I saw this photo of a quote regarding perception and don’t know the author whose wisdom created it, but kudos to her (or him) for this insight.
Perception has been a hot topic for me in 2011-2012, the year of my grief. Though I, like everyone, have experienced many losses large and small none has affected me as much as the death of my infant granddaughter whose life passed from one realm to the next in a burst of energy in June 2011. We were blessed in being forewarned about her death and so had a few months to prepare. I foolishly thought that this preparation would guard me from the overwhelming emotions that followed her journey from the physical to the eternal; from the realm where I could touch her to the realm in which her spirit roams unshackled, free.
I have always been a person who believed in the afterlife but when Trinity died I suffered greatly wondering just WHERE she was. And though I had always had a deeply felt experience of the Divine, in the year of my grief I could no longer feel that Presence. I could hardly feel anything at all. I was so alone. At least that is what I perceived in the short-sightedness of my pain.
So perception. What is life exactly? Does true life reside in the body or is it actually centered in the soul? Is life here or there . . . in the realm where the totality of the electromagnetic and acoustic spectrum are perceived? Are we truly here in time and space or is that just an illusion of our inadequate minds that seek to justify our physical reality as truth rather than acknowledge the vastness of what we really don’t know, can’t know, won’t know until we too move on from this plane of existence.
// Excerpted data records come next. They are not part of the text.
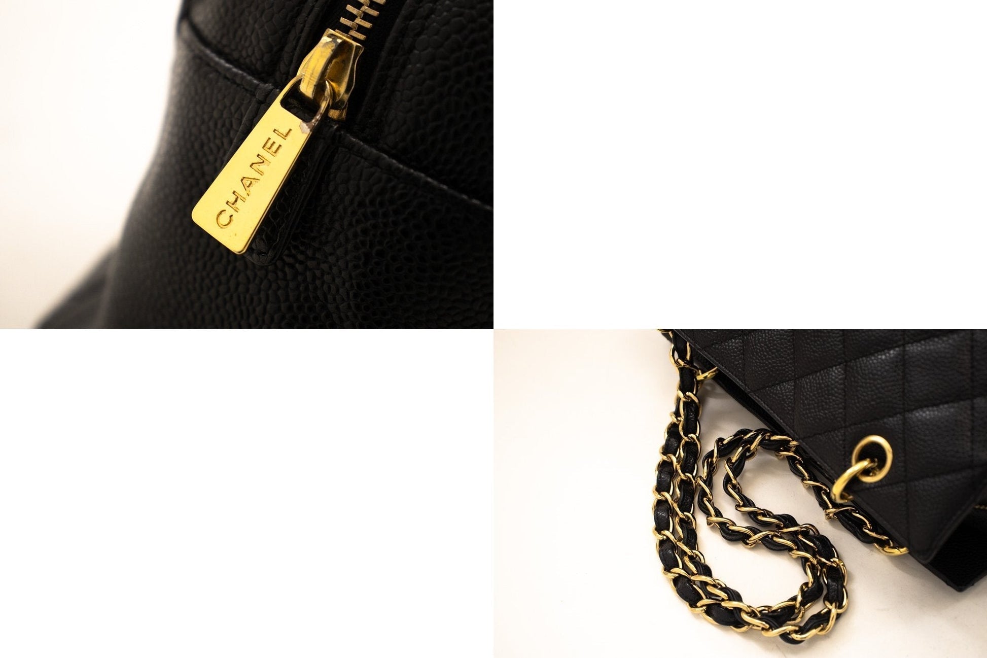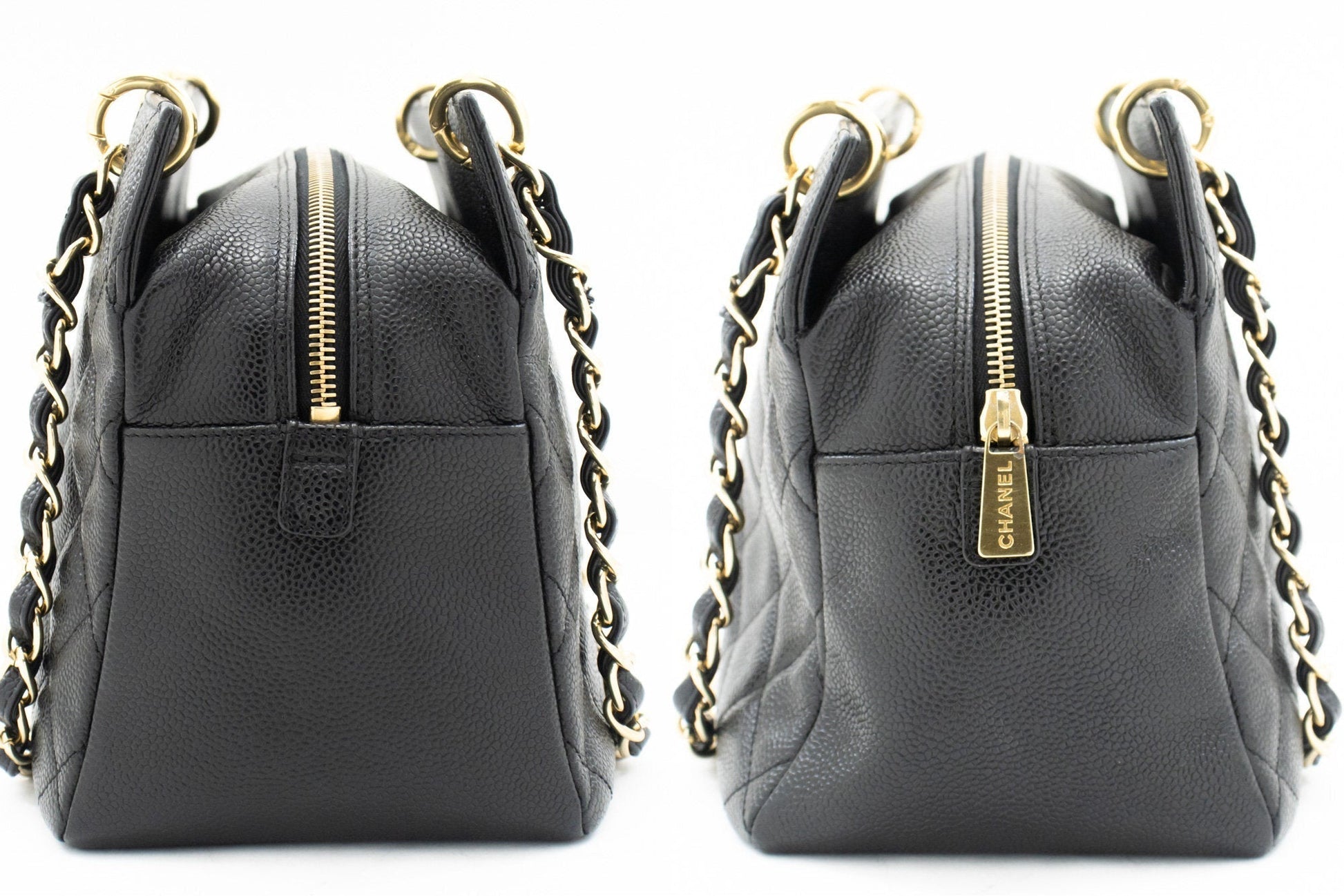 The exterior of the item is in excellent condition with minimal signs of use. The interior is also excellent and very clean. All chains and hardware are in excellent condition.
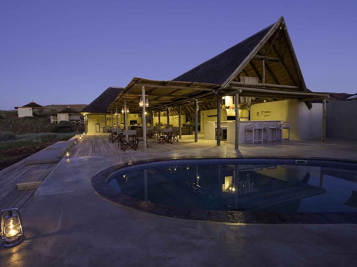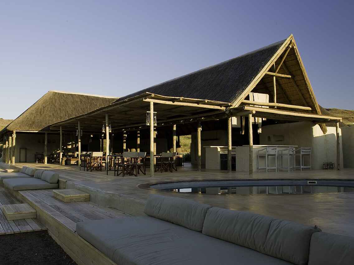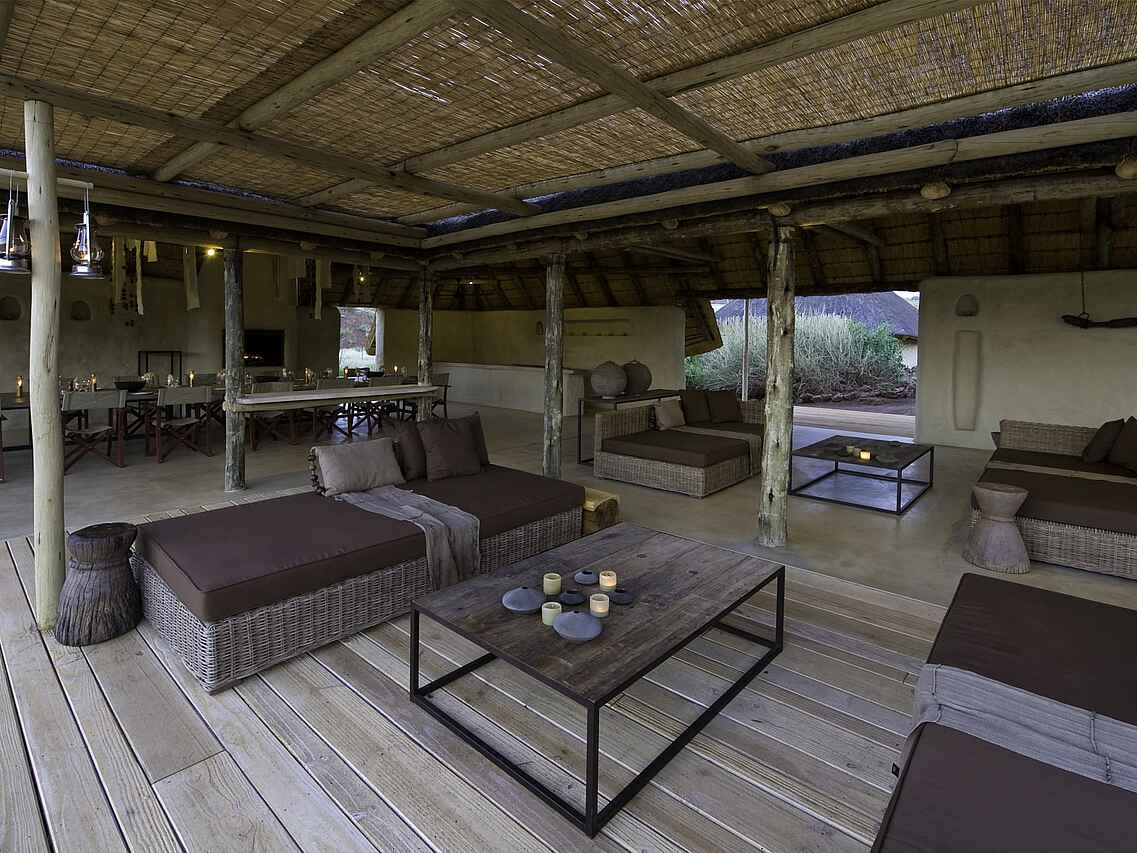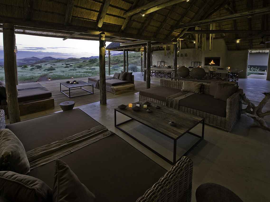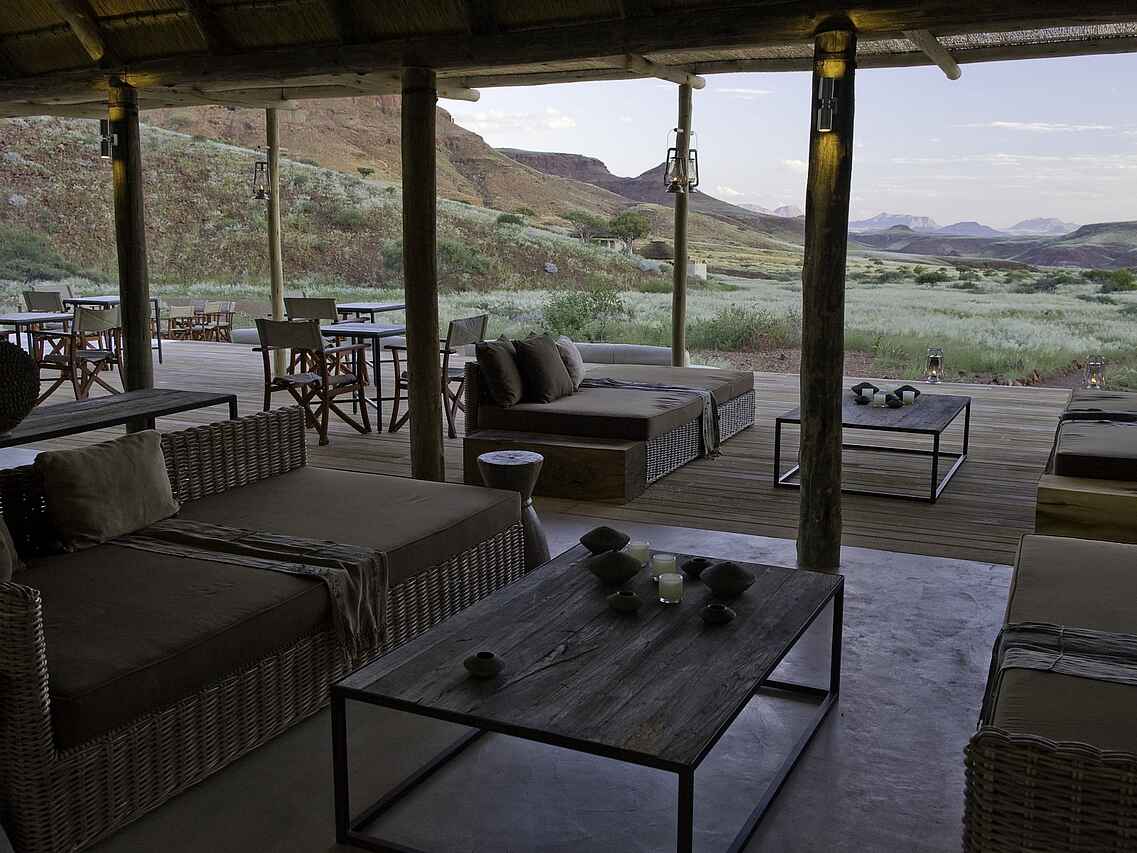 Der zentrale Bereich des Damaraland Camp ist aus Stein gebaut und mit einem hohen Reetdach versehen. Lounge, Bar und Essbereich sind offen angelegt und bilden den Treffpunkt zwischen den Aktivitäten. Tiefe Sofas mit großen Kissen, ein offener Kamin sowie eine Tee- und Kaffeestation stehen den Gästen zur Verfügung. Ergänzt wird der Bereich durch einen kleinen Shop mit ausgewähltem Kunsthandwerk und eine kleine Bibliothek. Im Außenbereich befindet sich ein Swimmingpool mit Liegen in schattiger Lage. Eine vorgelagerte Terrasse mit großen Sitzkissen eröffnet den Blick in die umliegende Landschaft. Die Mahlzeiten finden an einer langen Tafel im Essbereich oder je nach Wetter in der Boma statt, die etwas vor dem Camp liegt und abends beleuchtet wird.
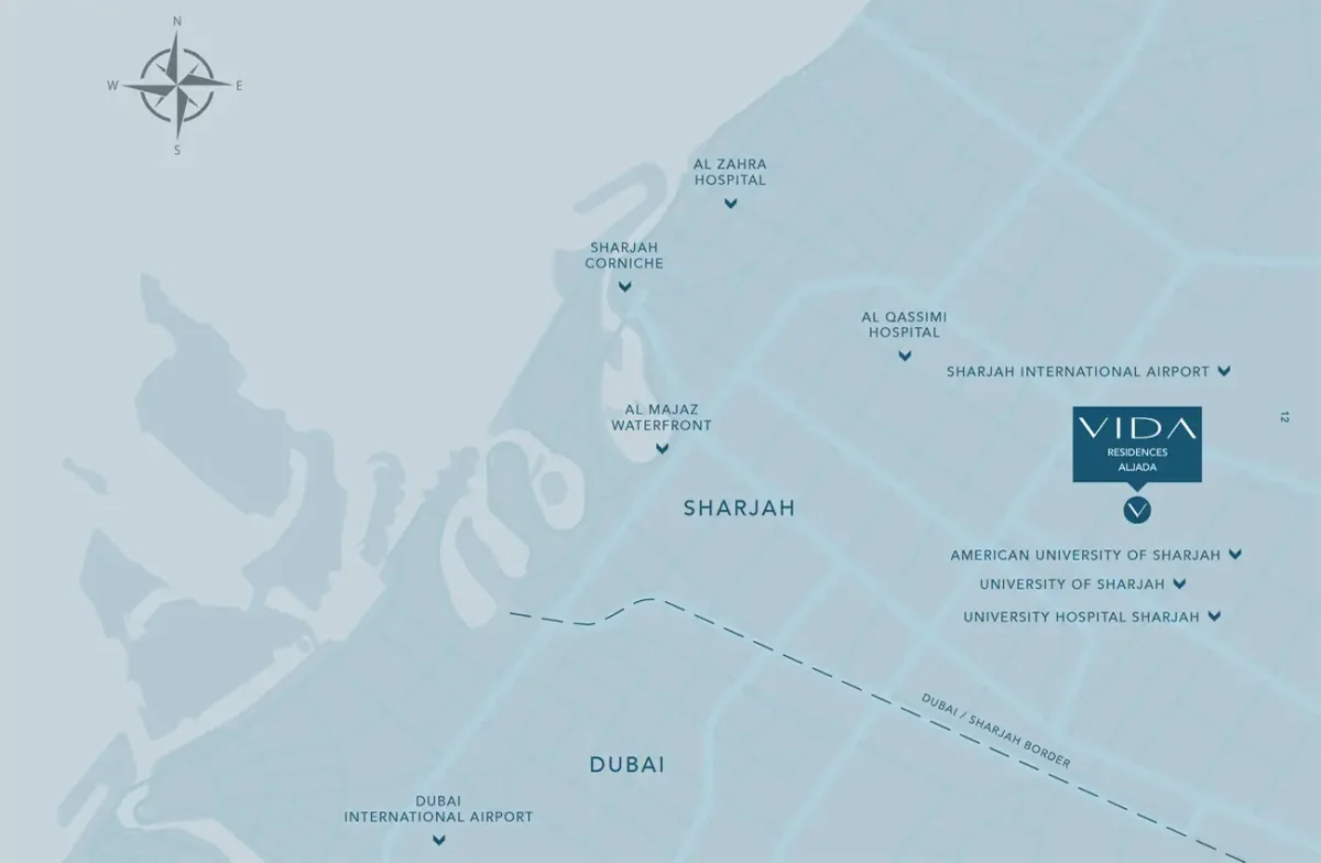 Ideally located in the heart of Sharjah's fast-growing neighborhood, Vida Residences features 168 signature apartments with minimalist and contemporary design. There's room for relaxation and rest: interiors with natural light, great attention to detail, and exquisite finishes.
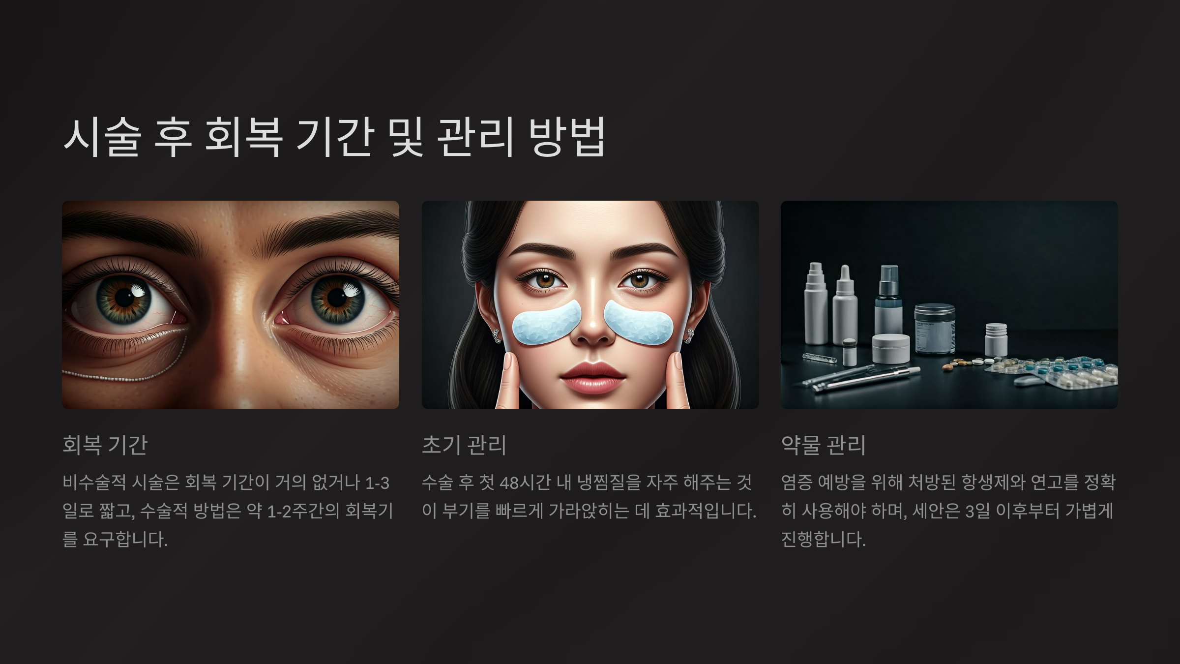 - 염증 예방을 위해 처방된 항생제와 연고를 정확히 사용해야 하며, 세안은 3일 이후부터 가볍게 진행합니다.

I spent a great deal of time in the year of my grief thinking about and reading about energy, healing, suffering, and staying in the present moment as I struggled to make sense of the sadness of this baby’s ever-so-short life and tragic death. I can’t say that I came up with an adequate answer to that so common “why” that accompanies all tragedies but I did learn that it is how we perceive any event that is the basis for our suffering. I have recognized that there is so much mystery in our physical life, in illness, in healing, and in death. I appreciate in a new way that I cannot explain the energy that enlivens my body never mind the electromagnetic spectrum, cellular emptiness, DNA, or rainbows. And that doesn’t even begin to address the real mystery of our oneness with the Divine and our power to heal through that Oneness.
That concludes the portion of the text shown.